Peeled, cored, and chopped the apples and tossed them into a 3-quart bowl.

Measured out 1/2 cup granulated sugar and 2 teaspoons cinnamon which I sprinkled over the apples.  With a spatula I mixed the apples, sugar, and cinnamon until every chunk of apples was well seasoned.

Cinnamon flavored apple chunks in 9 by 13 dish

In that same 3-quart bowl I put 1 cup brown sugar, 1/2 cup flour, 1 1/2 teaspoons cinnamon, and 1 teaspoon nutmeg.  After mixing that around I added 1/2 cup softened butter and, using my fingers, rubbed the butter into the flour mixture until there were lovely crumbled.
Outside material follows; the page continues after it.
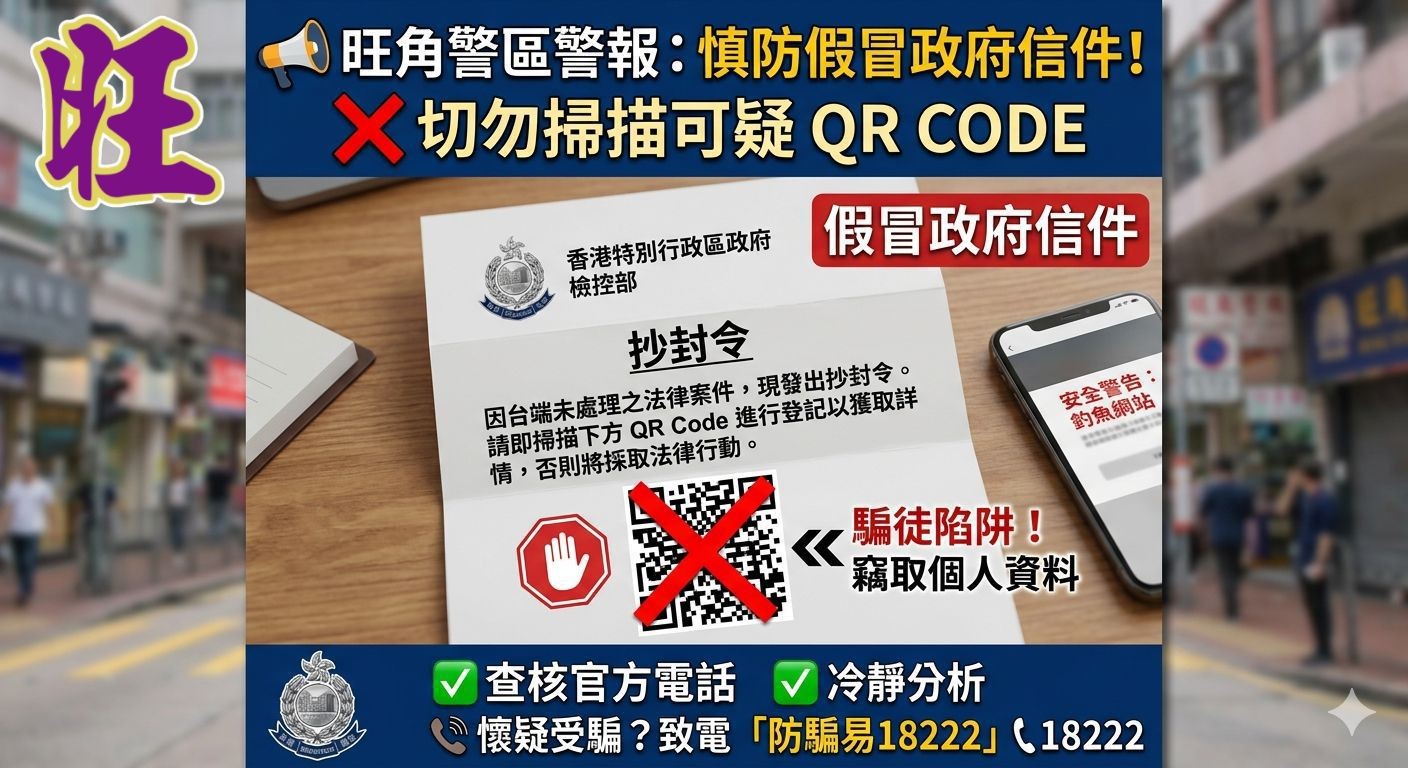 香港新聞網4月19日電 香港近日出現新型騙案,有市民收到懷疑偽裝成政府部門公文的詐騙信件。警方提醒市民慎防假冒政府信件,切勿亂掃 QR Code。 現時不少市民已習慣透過二維碼支付交易,卻未料可能落入詐騙陷阱。旺角警區近日在社交平台發文表示,近期有街坊反映收到懷疑詐騙信件,這些信件偽裝成政府部門公文,內容提及“檢控部”及“抄封令”。 旺角警區提示核實身份:政府部門一般不會透過掃描信件上的 QR Code 要求提供個人敏感資料或進行轉賬;保持冷靜:收到可疑法律文件時,應先根據官方渠道(如政府網頁)查詢相關部門的聯絡電話,並直接致電核實;切勿亂掃:不要隨便掃描來歷不明的 QR Code,防止手機被植入惡意程式或進入釣魚網站;分享資訊:轉發貼文給身邊的老人家及親友,提醒他們提防受騙。

Crumbs ready for the topping

Put the seasoned apples evenly into a 9 by 13 glass baking dish then sprinkle on the crumb topping.  Place in a preheated 350 degree F. oven and bake for 45 minutes or until the apples are cooked and soft.  (I did not bother greasing the baking dish.  We shall see if that was a poor decision....)

Cooked crisp, cooling on the marble slab (a useful family heirloom which came from a great-aunt's hardware store counter)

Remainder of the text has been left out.